◆ Exercise brief:
Write out again, word for word, the lines below from the line that holds "Don't have any" through the line that holds "Fig. 59 :Flat", omitting pictures.

[Extracted data entries]
+---+
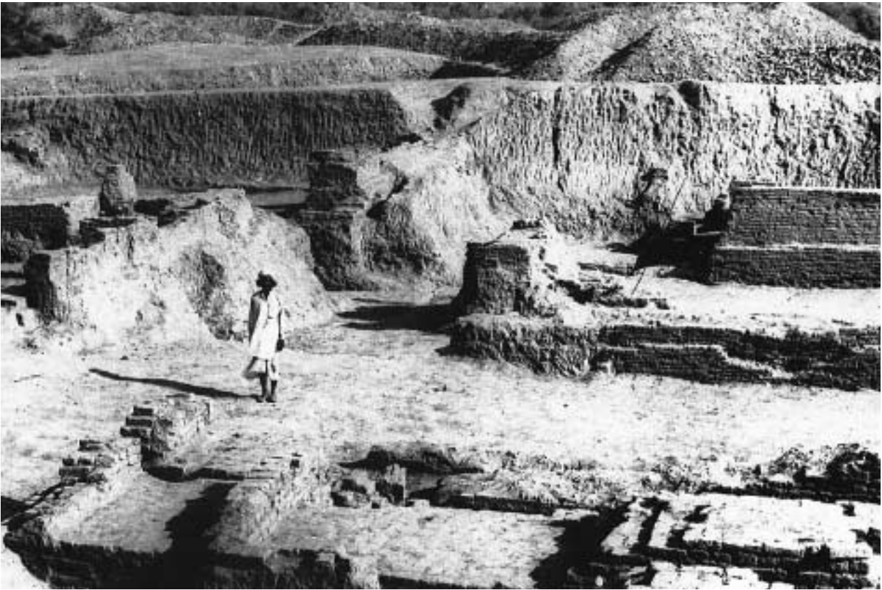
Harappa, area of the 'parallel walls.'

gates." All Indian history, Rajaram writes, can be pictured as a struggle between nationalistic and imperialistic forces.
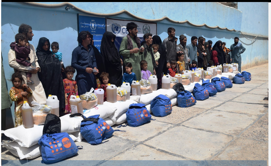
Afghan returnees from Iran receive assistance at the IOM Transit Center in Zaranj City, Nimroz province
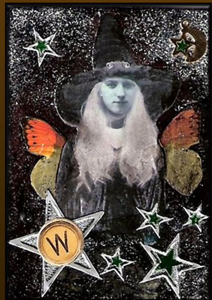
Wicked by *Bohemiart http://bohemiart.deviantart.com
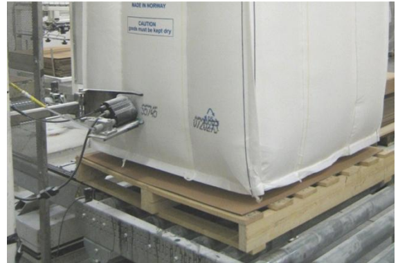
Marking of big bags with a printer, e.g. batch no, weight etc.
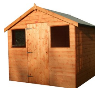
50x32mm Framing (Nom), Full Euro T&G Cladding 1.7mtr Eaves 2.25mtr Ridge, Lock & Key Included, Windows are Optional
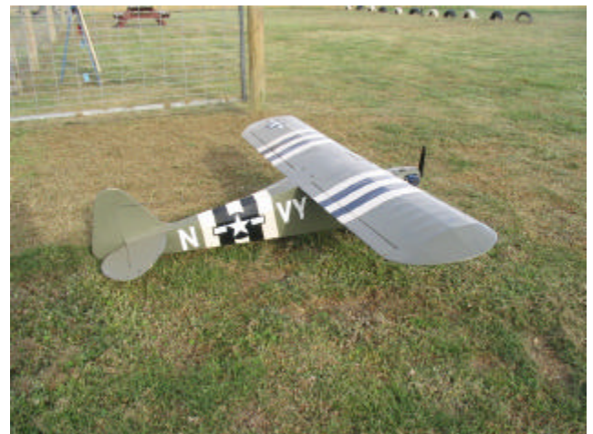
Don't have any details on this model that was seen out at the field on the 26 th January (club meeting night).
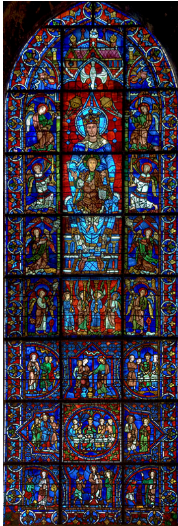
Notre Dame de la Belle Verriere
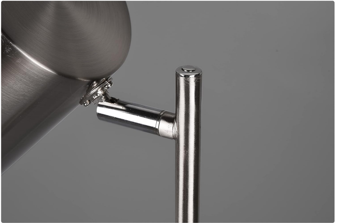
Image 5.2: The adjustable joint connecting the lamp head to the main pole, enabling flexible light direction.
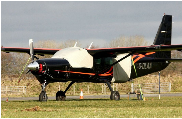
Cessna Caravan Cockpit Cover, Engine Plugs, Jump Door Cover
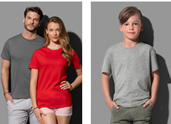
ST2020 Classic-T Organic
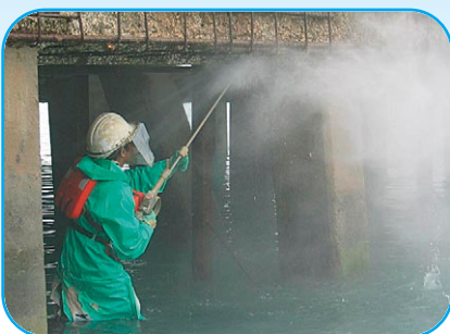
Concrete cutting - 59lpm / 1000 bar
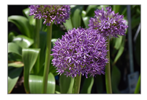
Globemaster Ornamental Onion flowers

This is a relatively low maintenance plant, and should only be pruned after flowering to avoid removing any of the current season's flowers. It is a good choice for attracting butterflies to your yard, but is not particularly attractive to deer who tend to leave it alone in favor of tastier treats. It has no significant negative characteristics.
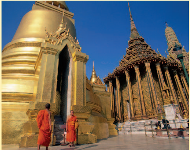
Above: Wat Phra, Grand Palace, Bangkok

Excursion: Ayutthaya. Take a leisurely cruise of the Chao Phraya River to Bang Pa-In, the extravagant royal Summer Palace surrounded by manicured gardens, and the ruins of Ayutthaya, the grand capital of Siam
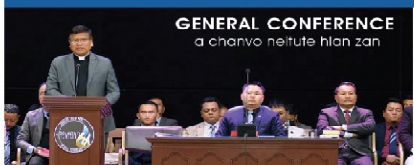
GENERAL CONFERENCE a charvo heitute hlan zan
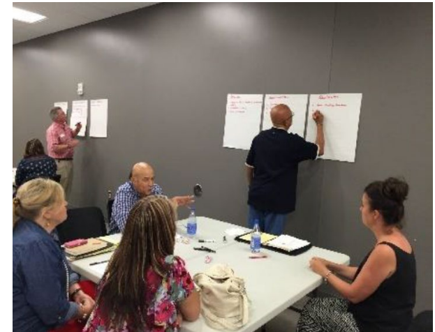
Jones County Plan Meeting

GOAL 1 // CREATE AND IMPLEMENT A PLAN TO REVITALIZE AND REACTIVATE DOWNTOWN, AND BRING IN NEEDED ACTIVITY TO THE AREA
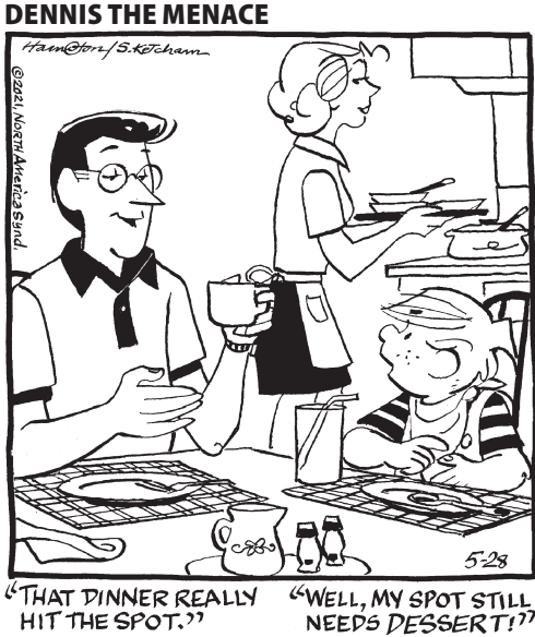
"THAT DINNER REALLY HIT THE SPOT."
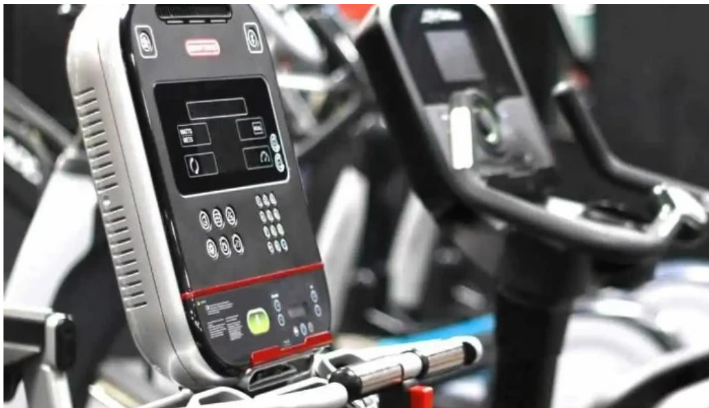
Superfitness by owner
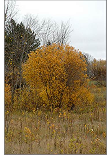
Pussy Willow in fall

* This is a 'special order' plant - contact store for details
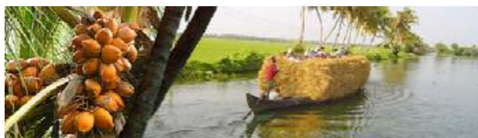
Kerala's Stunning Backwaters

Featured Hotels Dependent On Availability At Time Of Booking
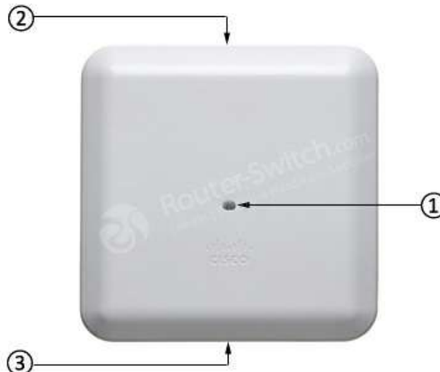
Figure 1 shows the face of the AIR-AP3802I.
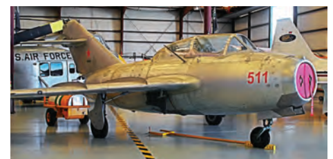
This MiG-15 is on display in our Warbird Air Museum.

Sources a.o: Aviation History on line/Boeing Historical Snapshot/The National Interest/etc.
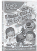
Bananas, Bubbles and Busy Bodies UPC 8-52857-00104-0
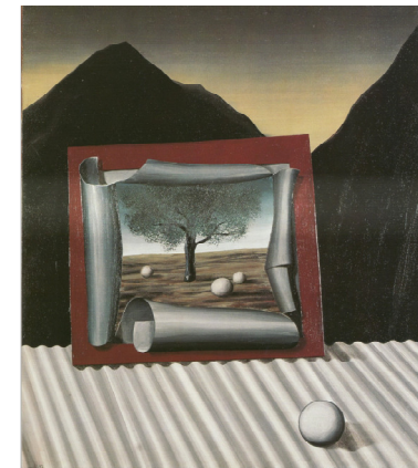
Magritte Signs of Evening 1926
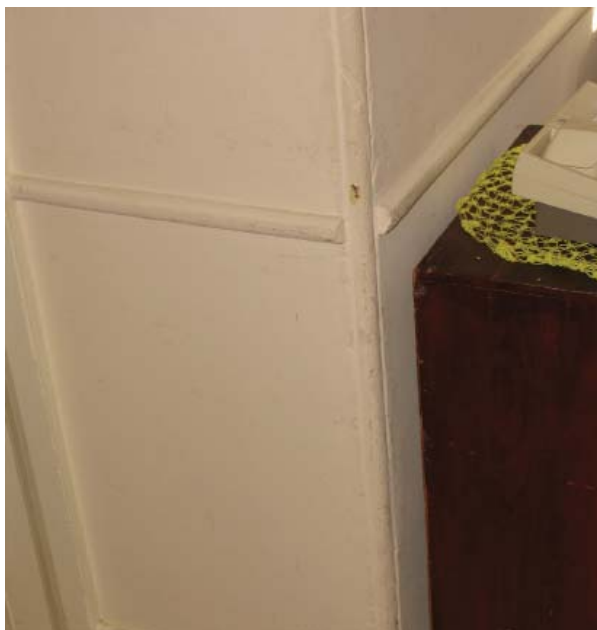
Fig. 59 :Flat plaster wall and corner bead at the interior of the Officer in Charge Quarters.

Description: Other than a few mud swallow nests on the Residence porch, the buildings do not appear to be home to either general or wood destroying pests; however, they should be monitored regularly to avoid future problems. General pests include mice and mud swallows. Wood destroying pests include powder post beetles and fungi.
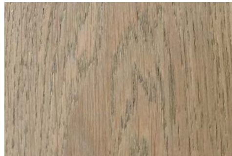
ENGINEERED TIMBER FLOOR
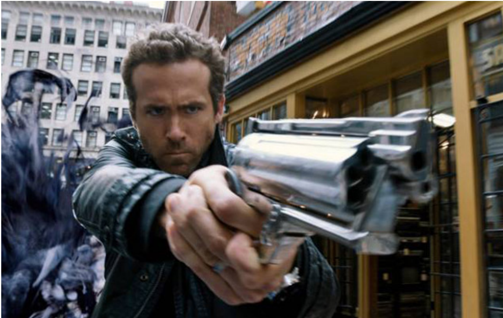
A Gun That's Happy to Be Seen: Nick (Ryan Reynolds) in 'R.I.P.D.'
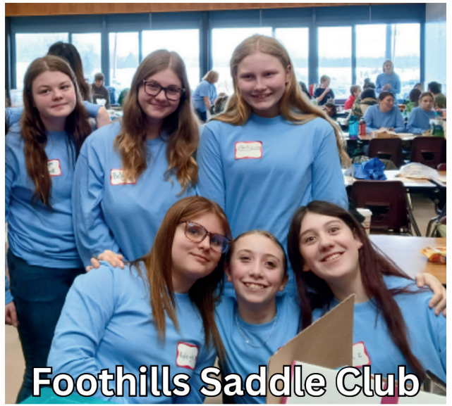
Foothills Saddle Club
+---+
◆ Finished task:
Don't have any details on this model that was seen out at the field on the 26 th January (club meeting night).
Notre Dame de la Belle Verriere
Image 5.2: The adjustable joint connecting the lamp head to the main pole, enabling flexible light direction.
Cessna Caravan Cockpit Cover, Engine Plugs, Jump Door Cover
ST2020 Classic-T Organic
Concrete cutting - 59lpm / 1000 bar
Globemaster Ornamental Onion flowers

This is a relatively low maintenance plant, and should only be pruned after flowering to avoid removing any of the current season's flowers. It is a good choice for attracting butterflies to your yard, but is not particularly attractive to deer who tend to leave it alone in favor of tastier treats. It has no significant negative characteristics.
Above: Wat Phra, Grand Palace, Bangkok

Excursion: Ayutthaya. Take a leisurely cruise of the Chao Phraya River to Bang Pa-In, the extravagant royal Summer Palace surrounded by manicured gardens, and the ruins of Ayutthaya, the grand capital of Siam
GENERAL CONFERENCE a charvo heitute hlan zan
Jones County Plan Meeting

GOAL 1 // CREATE AND IMPLEMENT A PLAN TO REVITALIZE AND REACTIVATE DOWNTOWN, AND BRING IN NEEDED ACTIVITY TO THE AREA
"THAT DINNER REALLY HIT THE SPOT."
Superfitness by owner
Pussy Willow in fall

* This is a 'special order' plant - contact store for details
Kerala's Stunning Backwaters

Featured Hotels Dependent On Availability At Time Of Booking
Figure 1 shows the face of the AIR-AP3802I.
This MiG-15 is on display in our Warbird Air Museum.

Sources a.o: Aviation History on line/Boeing Historical Snapshot/The National Interest/etc.
Bananas, Bubbles and Busy Bodies UPC 8-52857-00104-0
Magritte Signs of Evening 1926
Fig. 59 :Flat plaster wall and corner bead at the interior of the Officer in Charge Quarters.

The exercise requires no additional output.